Where does October go when its time has passed?
Everyone has a home to retreat to when the party is over, don’t they?
I’ve always thought of October like an old friend, one I don’t get to see frequently throughout the year, and one who, sadly, has a tendency to leave without saying goodbye.
So many November mornings I woke up, trying to find the traces of my beloved, who’d just been there the night before. And, although certain things remained the same, the comfort of knowing that October was there was almost entirely gone, as if it never existed at all.
As the years have gone on, October’s exit has only become more abrupt, with the bully December trying to block out November, and memories of October, entirely.

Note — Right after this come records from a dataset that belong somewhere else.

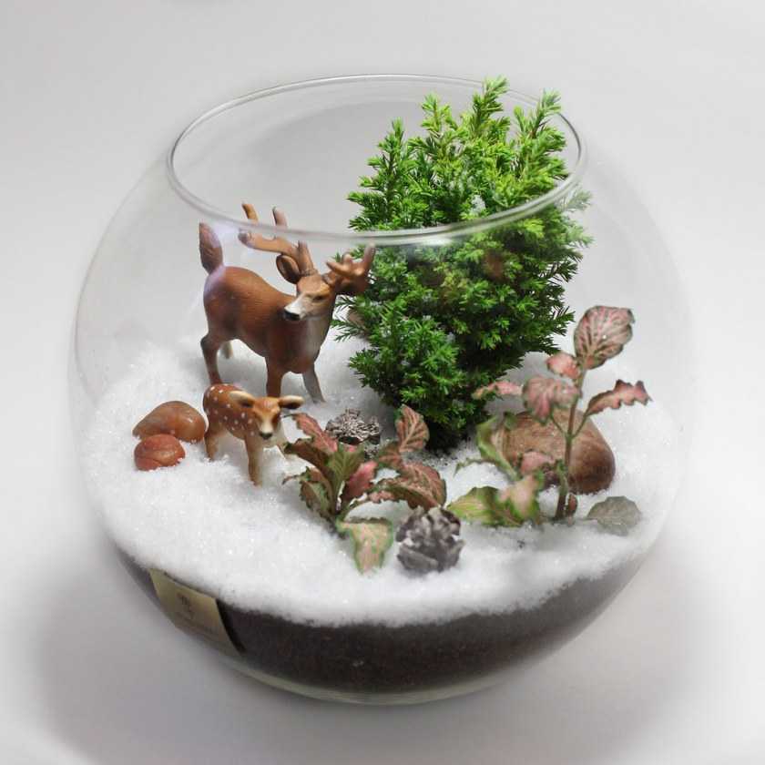 Чудесный флорариум со мхом и декоративными фигурками станет отличным новогодним декором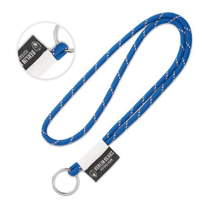 1 colour embossed logo included. Round 3-tone polyester, with keyring and PVC badge (personalised colour). Size 45cmx2 / 0,5cm (dia).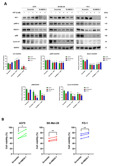 Previously, we demonstrated that HPF can inhibit melanoma cell proliferation by impairing retinoblastoma protein phosphorylation (pRB) and the expression of other cell cycle regulatory proteins, including cyclin D1 [33]. In the current study, immunoblots were performed to verify the decrease in pRB and cyclin D1 expression levels in cells transfected with Scramble siRNA and treated with HPF, compared to untreated cells (Figure 2A). Remarkably, when the HMOX-1 gene was silenced in cells treated with HPF, the expression level of pRB was partially restored in A375 and FO-1 cells, while the level of Cyclin D1 was only restored in the SK-Mel-28 cell line (Figure 2A). These findings suggest that the activation of the HO-1 pathway in melanoma cell lines contributes to the reduction in cell viability elicited by HPF.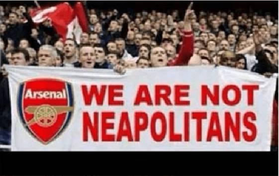 TIFOSI ARSENAL OFFENDONO NAPOLI – Serata amara per il Napoli e i suoi tifosi all’Emirates Stadium di Londra dove, ieri sera, per la seconda giornata dei gironi di Champions, la squadra di Benitez è stata sconfitta per 2-0 dalla squadra di Wenger. A rendere ancora più difficile la serata è stato uno strisicone esposto dai tifosi inglesi che diceva “We are not neapolitans“ ossia “noi non siamo napoletani”. Lo striscione ha già fatto il giro del web riproponendo il problema del razzismo. I tifosi napoletani, infatti, non hanno preso bene lo sfottò inglese ma per altri si tratta di una semplice goliardata. Arriverà anche per l’Arsenal la squalifica?

But still, where does it go?
I’ve spent much of my life trying to find October’s home. If it can’t come to me, all year round, then why shouldn’t I be able to go to it?

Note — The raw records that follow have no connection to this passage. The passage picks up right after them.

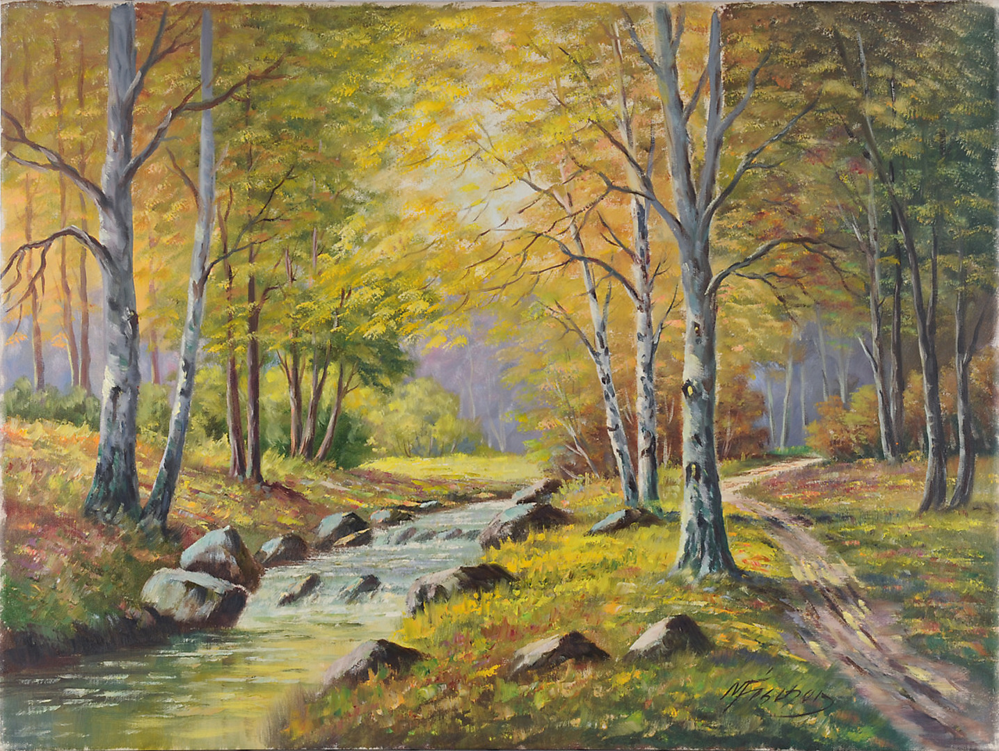 330624. SIGNIERT M. FISCHER. Trädbevuxet landskap med bäck.
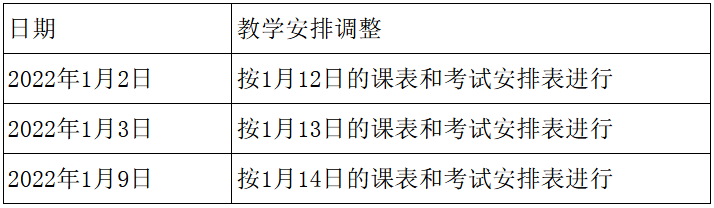 2.从2022年1月2日开始,行课、考试调整安排为下表,行课和考试教室不变:
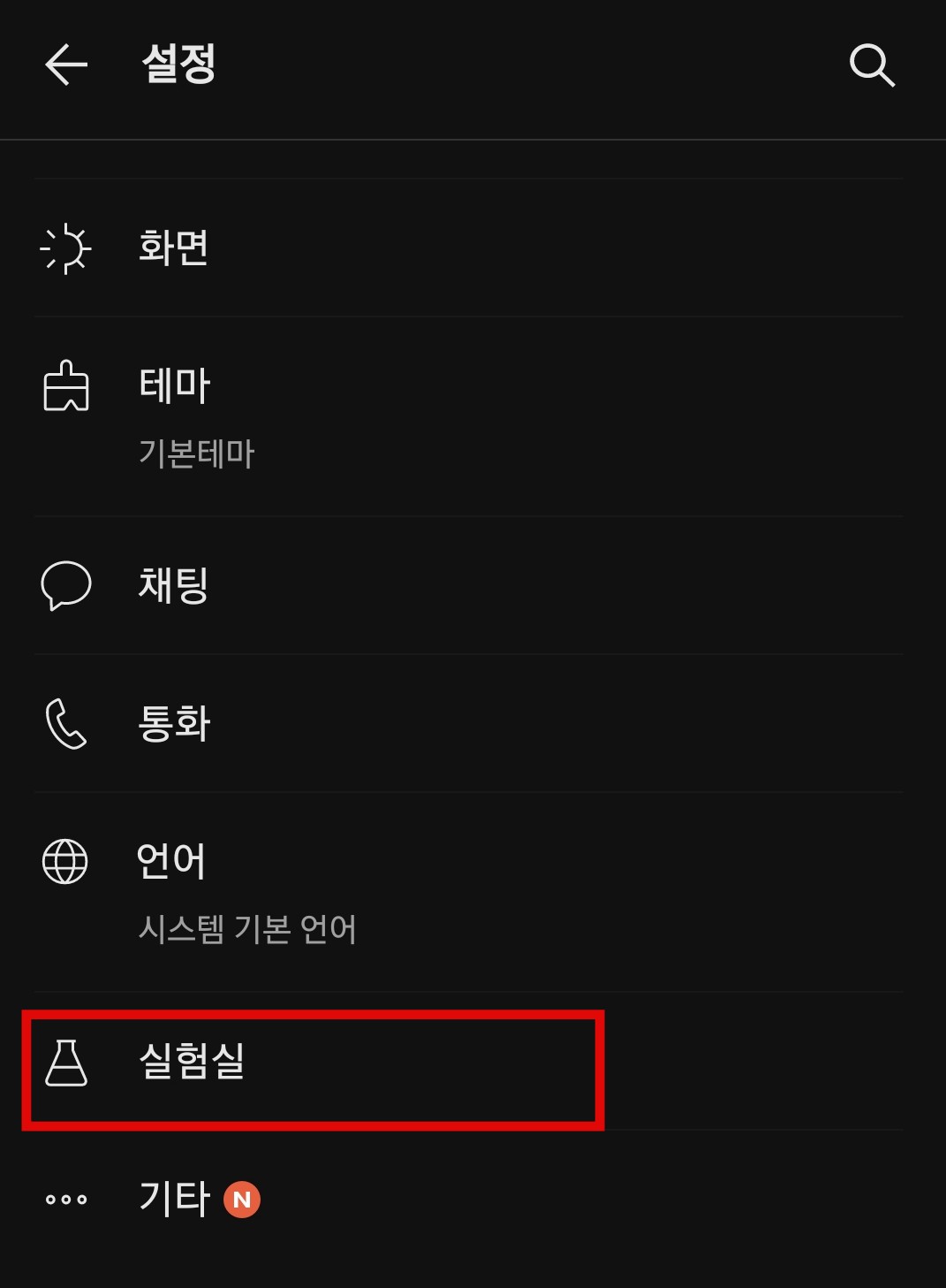 4. 설정 진입 후 아래로 내려 '실험실'을 눌러줍니다.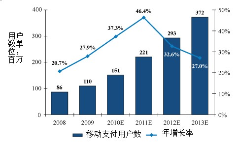 基于“中國(guó)計(jì)算機(jī)世界”的研究預(yù)測(cè),中國(guó)移動(dòng)支付用戶在2009年底達(dá)到1.1億,預(yù)計(jì)將在2013年超過3倍。由于需求大幅提高,電信運(yùn)營(yíng)商會(huì)繼續(xù)在每個(gè)省推出移動(dòng)支付解決方案網(wǎng)絡(luò)。反過來(lái),也會(huì)刺激第三方平臺(tái)和供應(yīng)商的發(fā)展。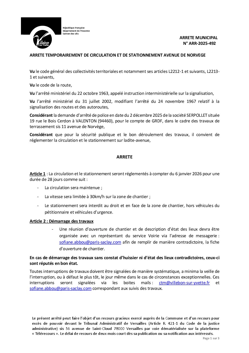 ARR-2025-492 Arrêté temporairement de circulation et de stationnement avenue de Norvège

I’ve found that October doesn’t retreat to one place. Maybe it’s cliche to say that it lives in our hearts, but it does. And if you have October in your heart, then you can find it in the physical world, anywhere.
October doesn’t simply stop existing. It doesn’t crawl back into its hole like the groundhog after its yearly appearance on February 2nd. It stays, always, if you know how to look for it.
Whenever there’s a spooky whisper to the wind, that is October reminding you that it’s watching over you. Whenever a dead leaf suddenly flutters to the ground, no matter how brittle and brown it may have become, that is October reminding you of what’s to come. The smell of a summer bonfire, the eerie stillness of snow, that odd change in the weather as winter shifts into spring…that is all October, calling you from a distance, hoping that you’ll always remember, and always believe.
The comforting thing about October is that, unlike people we may grow apart from in our lifetimes, it always comes back. But for those of us that need it most, whose lives are fed by that feeling, it is never far away, at all.